What needs to be done
When you reach the line with "KENTUCKY UST CERTIFICATION" in the records below, begin transcribing exactly and continue up to and including the line with "10月11日,智能技术学院教", leaving out every picture.

Exercise data
⟨

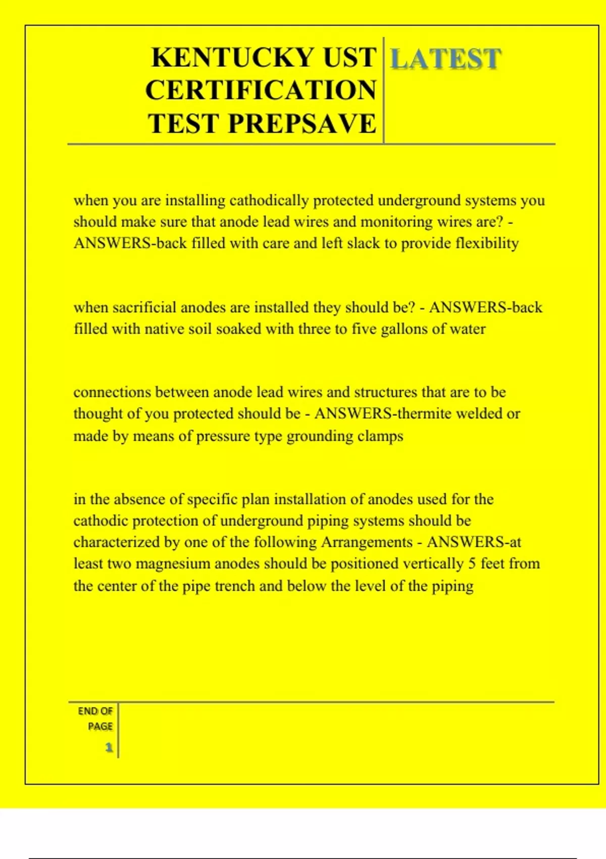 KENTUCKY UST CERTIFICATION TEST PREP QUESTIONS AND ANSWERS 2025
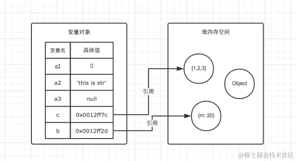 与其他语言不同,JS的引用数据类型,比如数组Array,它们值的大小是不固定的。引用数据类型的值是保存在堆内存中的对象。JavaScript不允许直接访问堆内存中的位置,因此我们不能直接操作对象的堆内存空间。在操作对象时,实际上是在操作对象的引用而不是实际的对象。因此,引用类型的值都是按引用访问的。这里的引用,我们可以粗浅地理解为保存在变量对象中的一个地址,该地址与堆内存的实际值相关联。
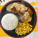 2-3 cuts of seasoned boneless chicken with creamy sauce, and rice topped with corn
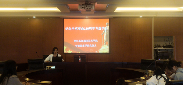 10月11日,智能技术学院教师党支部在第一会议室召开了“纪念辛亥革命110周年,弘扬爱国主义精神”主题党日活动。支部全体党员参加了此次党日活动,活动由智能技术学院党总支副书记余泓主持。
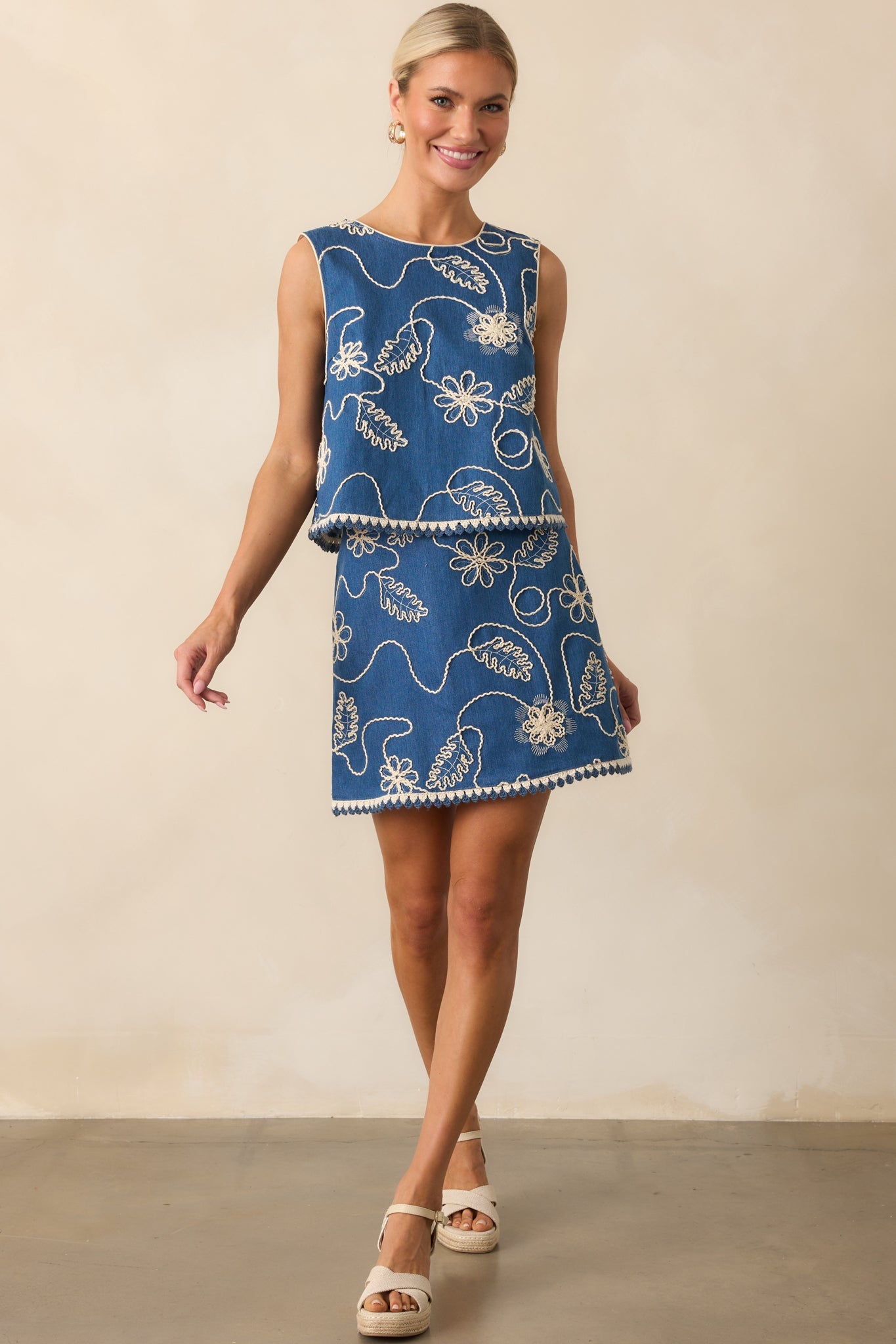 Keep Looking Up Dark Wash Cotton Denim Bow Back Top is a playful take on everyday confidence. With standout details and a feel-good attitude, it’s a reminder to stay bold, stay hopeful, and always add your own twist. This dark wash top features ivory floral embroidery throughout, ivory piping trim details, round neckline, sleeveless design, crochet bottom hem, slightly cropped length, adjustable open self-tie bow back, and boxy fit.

⟩
⟨

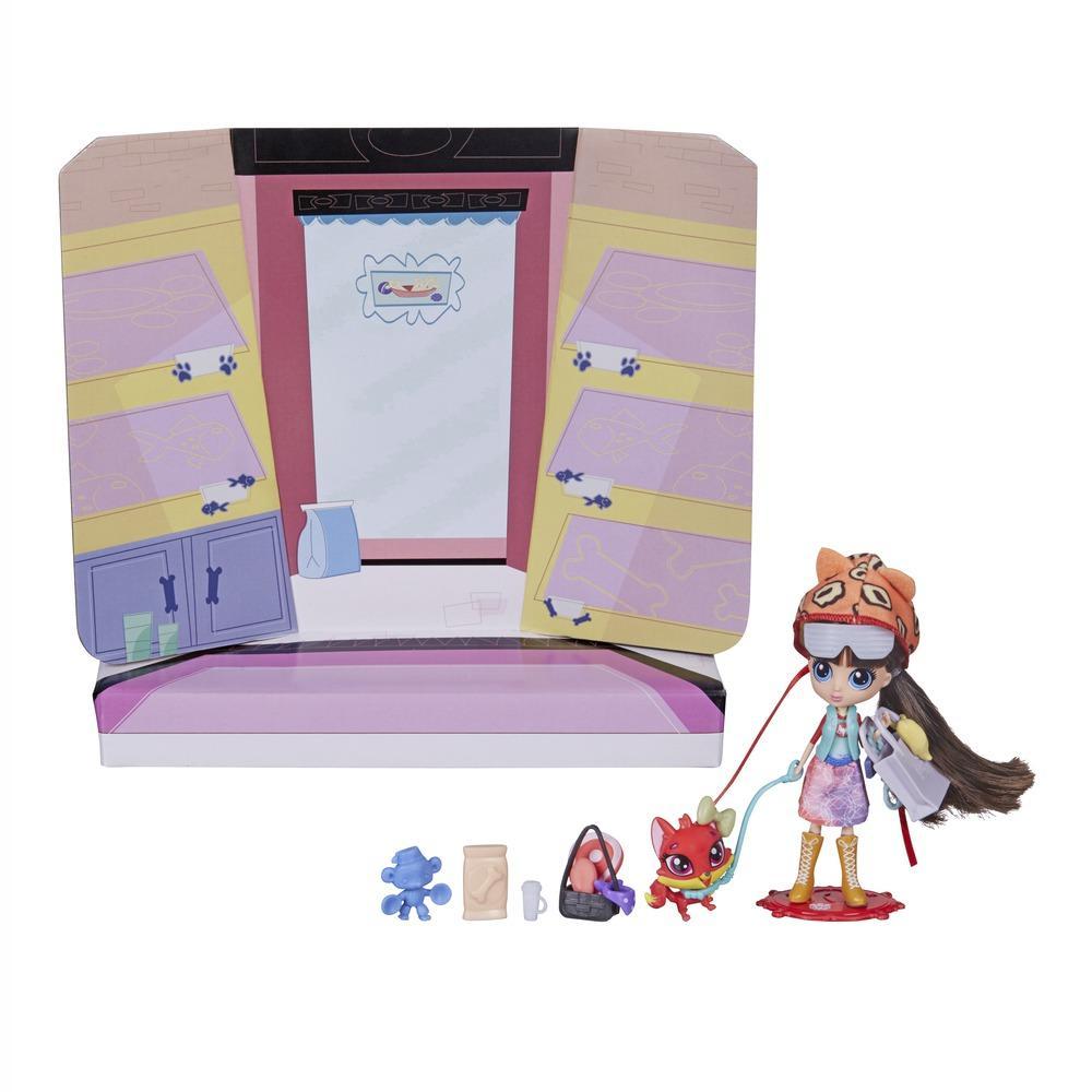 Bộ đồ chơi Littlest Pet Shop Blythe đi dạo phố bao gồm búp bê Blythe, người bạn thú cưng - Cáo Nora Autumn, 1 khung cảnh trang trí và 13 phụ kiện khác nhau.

⟩

Your solution
 KENTUCKY UST CERTIFICATION TEST PREP QUESTIONS AND ANSWERS 2025
 与其他语言不同,JS的引用数据类型,比如数组Array,它们值的大小是不固定的。引用数据类型的值是保存在堆内存中的对象。JavaScript不允许直接访问堆内存中的位置,因此我们不能直接操作对象的堆内存空间。在操作对象时,实际上是在操作对象的引用而不是实际的对象。因此,引用类型的值都是按引用访问的。这里的引用,我们可以粗浅地理解为保存在变量对象中的一个地址,该地址与堆内存的实际值相关联。
 2-3 cuts of seasoned boneless chicken with creamy sauce, and rice topped with corn
 10月11日,智能技术学院教师党支部在第一会议室召开了“纪念辛亥革命110周年,弘扬爱国主义精神”主题党日活动。支部全体党员参加了此次党日活动,活动由智能技术学院党总支副书记余泓主持。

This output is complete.